Soure is a Brazilian municipality located in the northern state of Pará, on the island of Marajó, which is located in the Amazon River at its mouth. Its population as of 2020 is estimated to be 25,565 people. The area of the municipality is 3,512.863 km2. The city belongs to the mesoregion Marajó and to the microregion of Arari.

The municipality is contained in the  Marajó Archipelago Environmental Protection Area, a sustainable use conservation unit established in 1989 to protect the environment of the delta region.
It contains the  Soure Marine Extractive Reserve, a sustainable use conservation area created in 2001 that protects the coastal mangroves to the north of the municipal seat and along the north part of the Paracauari River.

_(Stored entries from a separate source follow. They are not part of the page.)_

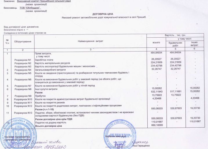 На прямі витрати мають виділити 484,8 тис. грн, з них на заробітну плату – трохи більше 26 тисяч гривень. На прибуток підрядника припадає 13,7 тисяч гривень. Податок на додану вартість складає 110 тисяч гривень.
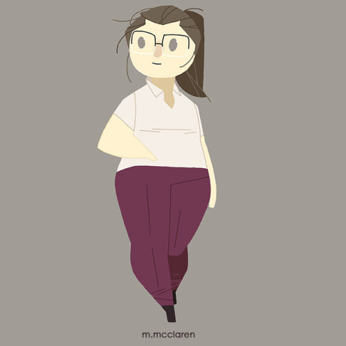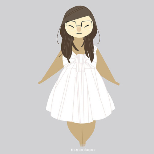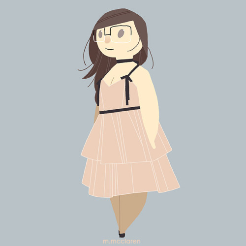 [Description: A cartoon of myself wearing a light pink dress with black straps and a thing belt.]
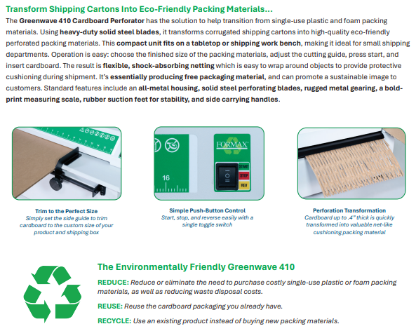 The Greenwave 410 Cardboard Perforator has the solution to help you transition away from single-use plastic and foam packing materials.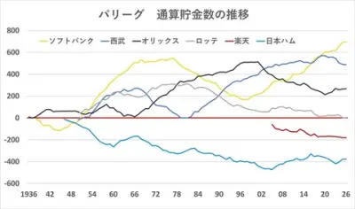 ロッテが球団創設以来初の通算成績負け越しで1度も負け越しがないのは阪神だけに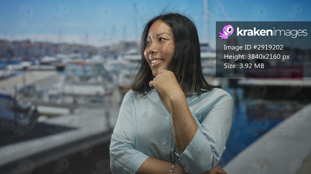 Woman with hand to mouth and arm crossed at marina port near boats and dock on seaside pier outdoors; pensive reflection.
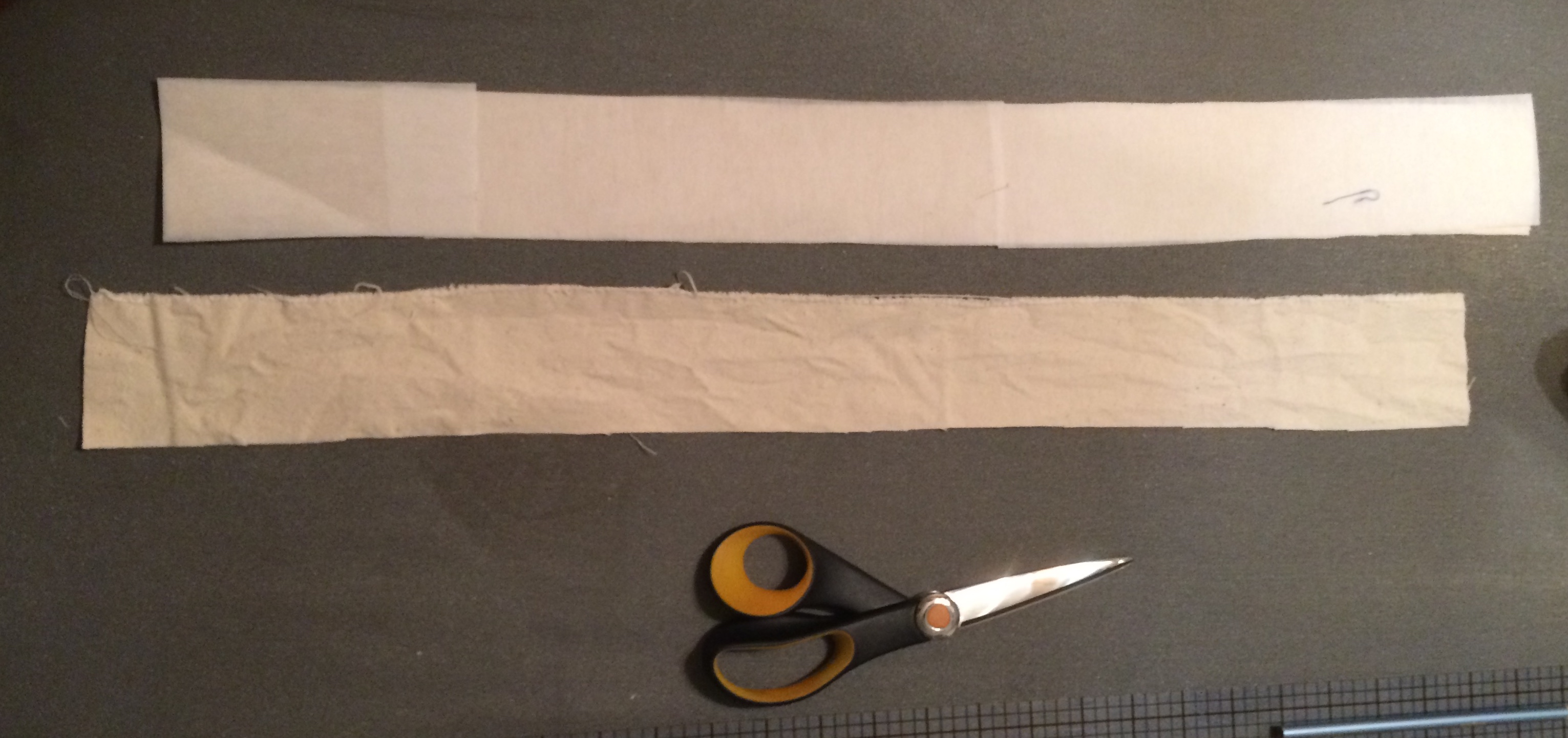 19. Measure and cut two long strips of fabric. I made each strip for the handle 24 inches long, and 2.5 inches wide. Cut the same dimensions of felt or interfacing for these pieces, as well.

Notable People from Soure, Pará
 Ildemar Alcântara, Brazilian mixed martial artist, former UFC fighter and younger brother of Iuri Alcântara.
 Iuri Alcântara, Brazilian mixed martial artist, UFC fighter and older brother of Ildemar Alcântara.
 Deiveson Figueiredo, Brazilian mixed martial artist, UFC fighter, former two-time UFC Flyweight Champion.

Climate 
Soure has a tropical monsoon climate (Köppen: Am), with different amounts of precipitation depending on the season.